We present a previously healthy 6-month-old boy who was admitted to our hospital with lethargy, hypotonia and focal clonic seizures 6 days following diptheria, tetanus toxoid and whole-cell pertussis vaccination. A diagnosis of acute necrotising encephalopathy was made with the aid of MRI, including diffusion-weighted imaging and proton MR spectroscopy.
The association of diptheria, tetanus toxoid and whole-cell pertussis (DTPw) vaccination with acute necrotising encephalopathy (ANE) has not been previously reported in the literature. ANE has been predominantly reported in Japan, Taiwan and, less frequently, Korean children [1, 2]. We present a unique case of a non-Asian child with ANE following DTPw vaccination.

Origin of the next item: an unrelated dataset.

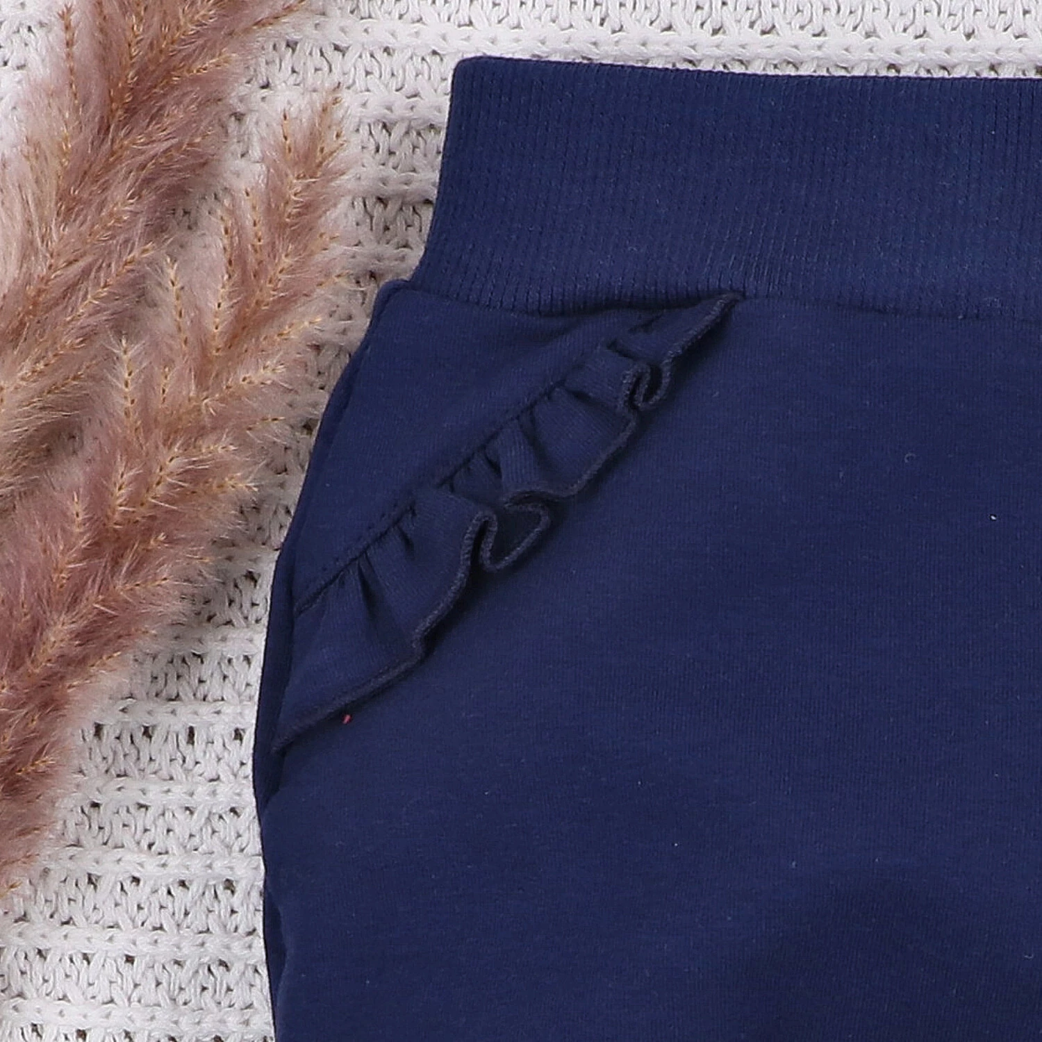 Dziewczęce spodnie dresowe z falbankami z bawełny organicznej - granatowe
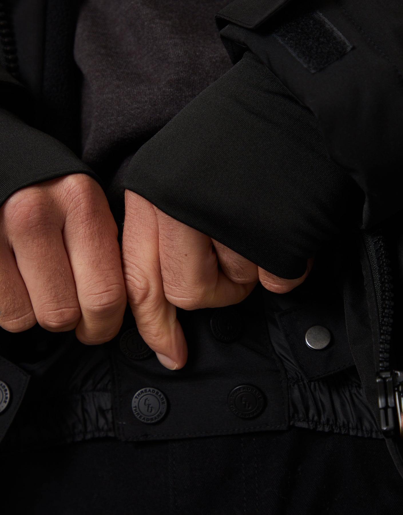 The two zip up angled pockets can be used for your hands or your essentials, while the patch pocket on the arm has our Threadbare Ski logo for a true-to-Threadbare finish, and the left arm is finished with a zip-up pocket designed for storing your ski pass.

A previously healthy 6-month-old boy had hyperpyrexia and irritability after the second dose of DTPw vaccination. On the 6th day after vaccination his symptoms had progressed and he was admitted to our hospital with lethargy, hypotonia and focal clonic convulsions. His body temperature was 36.3°C. On laboratory examination, white blood cell value was 12,000/mm3. Biochemical analysis and cultures of blood, urine and cerebrospinal fluid (CSF) were unremarkable. There was no familial history of acute encephalitis and genetic analysis to look for a mutation of the RANBP2 gene was not performed.
On the 3rd day of admission, brain MRI showed symmetrical increased signal intensities (SI) in both thalami and posterior limb of the internal capsule (PLIC) on fluid-attenuated inversion recovery (FLAIR) and T2-weighted sequences (Fig. 1). Increased SI on T1-weighted images in the right thalamus suggested haemorrhage (Fig. 1); however, there were no corresponding hypointense areas on T2-gradient-echo sequence to support this. T1-W contrast-enhanced images showed no enhancement in the swollen thalami. There was increased SI on diffusion-weighted imaging (DWI) and apparent diffusion coefficient (ADC) sequences in both thalami, apart from an area with decreased ADC in the right thalamus corresponding to haemorrhage or cytotoxic oedema (Fig. 1).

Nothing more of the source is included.